■ Exercise details: Only the lines from the one containing "শুক্রবার (১৪ এপ্রিল)" through the one containing "The men’s IZOD" should be printed, exactly as they appear below, with both ends included.

■ Listed records:

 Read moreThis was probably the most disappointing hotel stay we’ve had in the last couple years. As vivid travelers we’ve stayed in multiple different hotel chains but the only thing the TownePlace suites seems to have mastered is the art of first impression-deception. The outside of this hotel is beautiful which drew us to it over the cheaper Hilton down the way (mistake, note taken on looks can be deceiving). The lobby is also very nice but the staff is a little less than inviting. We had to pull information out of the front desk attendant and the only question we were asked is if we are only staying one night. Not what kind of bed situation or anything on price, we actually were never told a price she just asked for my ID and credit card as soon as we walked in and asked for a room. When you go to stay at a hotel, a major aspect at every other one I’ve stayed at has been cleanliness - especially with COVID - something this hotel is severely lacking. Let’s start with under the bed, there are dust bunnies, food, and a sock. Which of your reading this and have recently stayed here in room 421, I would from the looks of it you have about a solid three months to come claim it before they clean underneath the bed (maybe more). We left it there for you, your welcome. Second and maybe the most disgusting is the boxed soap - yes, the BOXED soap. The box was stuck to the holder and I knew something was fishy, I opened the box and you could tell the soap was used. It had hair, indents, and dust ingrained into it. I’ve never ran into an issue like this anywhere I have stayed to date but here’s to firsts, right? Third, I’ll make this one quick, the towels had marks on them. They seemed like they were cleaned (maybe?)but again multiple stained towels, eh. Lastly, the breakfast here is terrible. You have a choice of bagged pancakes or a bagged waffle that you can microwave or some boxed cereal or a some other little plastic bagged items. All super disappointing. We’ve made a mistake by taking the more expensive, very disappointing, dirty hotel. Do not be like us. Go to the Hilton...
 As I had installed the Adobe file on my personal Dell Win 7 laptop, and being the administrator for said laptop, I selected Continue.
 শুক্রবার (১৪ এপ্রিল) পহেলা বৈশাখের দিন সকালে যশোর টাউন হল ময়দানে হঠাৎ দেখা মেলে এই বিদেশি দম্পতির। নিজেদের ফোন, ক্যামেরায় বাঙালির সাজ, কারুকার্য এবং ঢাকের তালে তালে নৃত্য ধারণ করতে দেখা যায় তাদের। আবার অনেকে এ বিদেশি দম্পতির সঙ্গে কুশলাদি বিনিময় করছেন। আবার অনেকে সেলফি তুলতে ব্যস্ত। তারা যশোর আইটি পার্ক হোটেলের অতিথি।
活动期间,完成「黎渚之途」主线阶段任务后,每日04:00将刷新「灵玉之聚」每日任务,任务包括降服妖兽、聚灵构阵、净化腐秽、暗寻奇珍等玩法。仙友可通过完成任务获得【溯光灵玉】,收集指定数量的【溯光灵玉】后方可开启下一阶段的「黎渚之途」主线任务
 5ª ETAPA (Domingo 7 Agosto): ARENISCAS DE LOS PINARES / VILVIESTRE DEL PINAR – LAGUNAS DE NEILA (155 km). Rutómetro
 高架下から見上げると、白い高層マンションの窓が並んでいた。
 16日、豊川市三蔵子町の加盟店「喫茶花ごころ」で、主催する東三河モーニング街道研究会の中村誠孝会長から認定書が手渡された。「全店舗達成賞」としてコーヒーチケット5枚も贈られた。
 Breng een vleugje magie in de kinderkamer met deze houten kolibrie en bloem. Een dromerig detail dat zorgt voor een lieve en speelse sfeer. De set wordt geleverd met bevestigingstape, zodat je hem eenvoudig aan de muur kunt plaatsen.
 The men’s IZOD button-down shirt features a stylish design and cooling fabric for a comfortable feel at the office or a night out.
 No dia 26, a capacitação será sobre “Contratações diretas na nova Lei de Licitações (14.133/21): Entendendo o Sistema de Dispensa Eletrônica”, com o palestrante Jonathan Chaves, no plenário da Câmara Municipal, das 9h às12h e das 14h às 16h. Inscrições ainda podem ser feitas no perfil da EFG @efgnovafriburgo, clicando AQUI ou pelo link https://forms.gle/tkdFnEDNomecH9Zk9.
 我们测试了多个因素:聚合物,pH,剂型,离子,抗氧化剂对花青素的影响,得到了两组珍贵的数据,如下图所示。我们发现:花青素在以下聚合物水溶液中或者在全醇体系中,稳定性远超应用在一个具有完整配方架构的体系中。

■ Worked solution:
 শুক্রবার (১৪ এপ্রিল) পহেলা বৈশাখের দিন সকালে যশোর টাউন হল ময়দানে হঠাৎ দেখা মেলে এই বিদেশি দম্পতির। নিজেদের ফোন, ক্যামেরায় বাঙালির সাজ, কারুকার্য এবং ঢাকের তালে তালে নৃত্য ধারণ করতে দেখা যায় তাদের। আবার অনেকে এ বিদেশি দম্পতির সঙ্গে কুশলাদি বিনিময় করছেন। আবার অনেকে সেলফি তুলতে ব্যস্ত। তারা যশোর আইটি পার্ক হোটেলের অতিথি।
活动期间,完成「黎渚之途」主线阶段任务后,每日04:00将刷新「灵玉之聚」每日任务,任务包括降服妖兽、聚灵构阵、净化腐秽、暗寻奇珍等玩法。仙友可通过完成任务获得【溯光灵玉】,收集指定数量的【溯光灵玉】后方可开启下一阶段的「黎渚之途」主线任务
 5ª ETAPA (Domingo 7 Agosto): ARENISCAS DE LOS PINARES / VILVIESTRE DEL PINAR – LAGUNAS DE NEILA (155 km). Rutómetro
 高架下から見上げると、白い高層マンションの窓が並んでいた。
 16日、豊川市三蔵子町の加盟店「喫茶花ごころ」で、主催する東三河モーニング街道研究会の中村誠孝会長から認定書が手渡された。「全店舗達成賞」としてコーヒーチケット5枚も贈られた。
 Breng een vleugje magie in de kinderkamer met deze houten kolibrie en bloem. Een dromerig detail dat zorgt voor een lieve en speelse sfeer. De set wordt geleverd met bevestigingstape, zodat je hem eenvoudig aan de muur kunt plaatsen.
 The men’s IZOD button-down shirt features a stylish design and cooling fabric for a comfortable feel at the office or a night out.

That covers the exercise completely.